*** Records to process ***

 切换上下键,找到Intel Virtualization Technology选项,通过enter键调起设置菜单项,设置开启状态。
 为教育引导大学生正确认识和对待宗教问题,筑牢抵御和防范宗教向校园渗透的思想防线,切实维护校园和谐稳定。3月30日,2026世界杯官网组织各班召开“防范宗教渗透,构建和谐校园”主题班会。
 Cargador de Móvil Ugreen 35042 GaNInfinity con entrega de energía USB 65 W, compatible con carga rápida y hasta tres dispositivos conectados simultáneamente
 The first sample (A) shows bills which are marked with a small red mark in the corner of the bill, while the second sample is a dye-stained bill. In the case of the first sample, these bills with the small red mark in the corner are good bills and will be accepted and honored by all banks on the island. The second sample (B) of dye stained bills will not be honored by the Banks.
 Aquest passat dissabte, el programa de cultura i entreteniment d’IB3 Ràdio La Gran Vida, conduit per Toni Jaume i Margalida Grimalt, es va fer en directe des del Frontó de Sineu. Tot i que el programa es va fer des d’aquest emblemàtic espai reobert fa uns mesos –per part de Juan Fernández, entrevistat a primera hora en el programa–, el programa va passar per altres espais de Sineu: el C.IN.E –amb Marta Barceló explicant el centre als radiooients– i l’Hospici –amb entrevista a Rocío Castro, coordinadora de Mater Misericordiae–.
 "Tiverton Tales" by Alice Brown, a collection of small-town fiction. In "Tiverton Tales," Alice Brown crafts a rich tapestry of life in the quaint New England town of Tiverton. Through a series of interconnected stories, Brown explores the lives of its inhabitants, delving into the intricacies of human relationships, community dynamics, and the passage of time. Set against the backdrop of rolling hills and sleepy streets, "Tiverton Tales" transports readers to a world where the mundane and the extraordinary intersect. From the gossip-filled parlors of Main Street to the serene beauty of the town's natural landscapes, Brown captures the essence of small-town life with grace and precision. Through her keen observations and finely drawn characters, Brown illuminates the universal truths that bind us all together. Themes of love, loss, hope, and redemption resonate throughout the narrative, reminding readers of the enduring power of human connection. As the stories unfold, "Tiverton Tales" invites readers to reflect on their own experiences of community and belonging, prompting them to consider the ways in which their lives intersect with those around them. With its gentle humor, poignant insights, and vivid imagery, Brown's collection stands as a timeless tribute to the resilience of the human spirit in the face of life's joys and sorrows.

***
*** Records to process ***

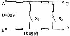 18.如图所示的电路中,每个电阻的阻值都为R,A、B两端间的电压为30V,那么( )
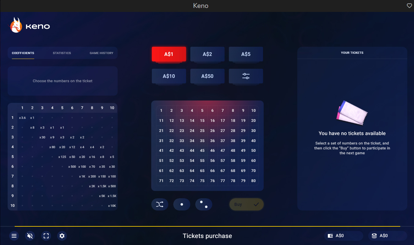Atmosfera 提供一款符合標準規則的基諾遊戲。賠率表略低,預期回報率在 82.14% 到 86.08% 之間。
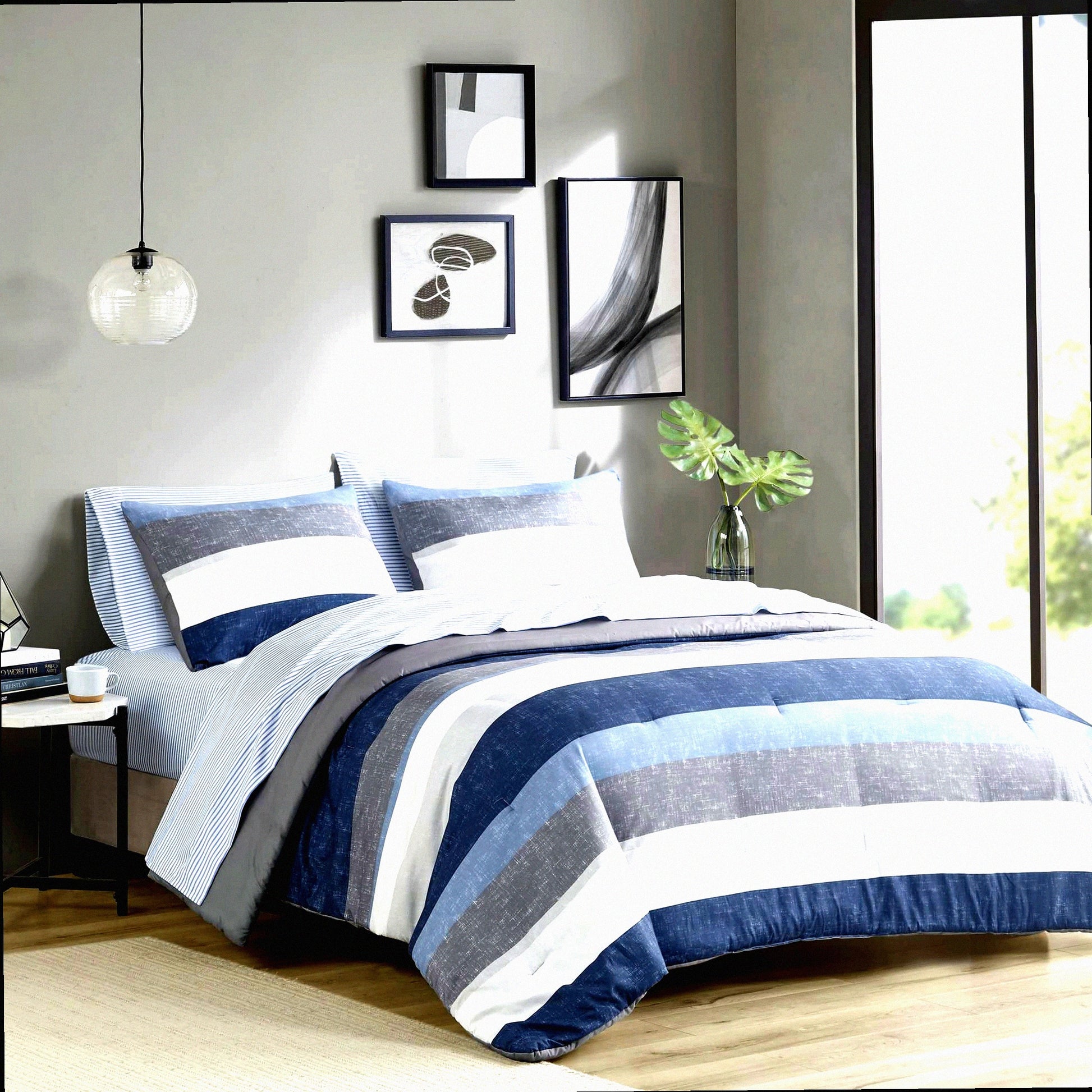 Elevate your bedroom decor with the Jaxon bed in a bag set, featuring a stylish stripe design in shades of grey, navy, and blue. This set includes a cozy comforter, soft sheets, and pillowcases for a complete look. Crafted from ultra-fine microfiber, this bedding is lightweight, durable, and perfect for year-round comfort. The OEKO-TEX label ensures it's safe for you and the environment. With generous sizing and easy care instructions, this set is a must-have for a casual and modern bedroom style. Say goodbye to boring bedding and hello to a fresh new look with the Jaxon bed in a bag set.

***

= Goal of the exercise =
Copy word for word the lines above, starting at the line containing "18.如图所示的电路中,每个" and ending at the line containing "Elevate your bedroom", inclusive, with no pictures.

= Response =
 18.如图所示的电路中,每个电阻的阻值都为R,A、B两端间的电压为30V,那么( )
Atmosfera 提供一款符合標準規則的基諾遊戲。賠率表略低,預期回報率在 82.14% 到 86.08% 之間。
 Elevate your bedroom decor with the Jaxon bed in a bag set, featuring a stylish stripe design in shades of grey, navy, and blue. This set includes a cozy comforter, soft sheets, and pillowcases for a complete look. Crafted from ultra-fine microfiber, this bedding is lightweight, durable, and perfect for year-round comfort. The OEKO-TEX label ensures it's safe for you and the environment. With generous sizing and easy care instructions, this set is a must-have for a casual and modern bedroom style. Say goodbye to boring bedding and hello to a fresh new look with the Jaxon bed in a bag set.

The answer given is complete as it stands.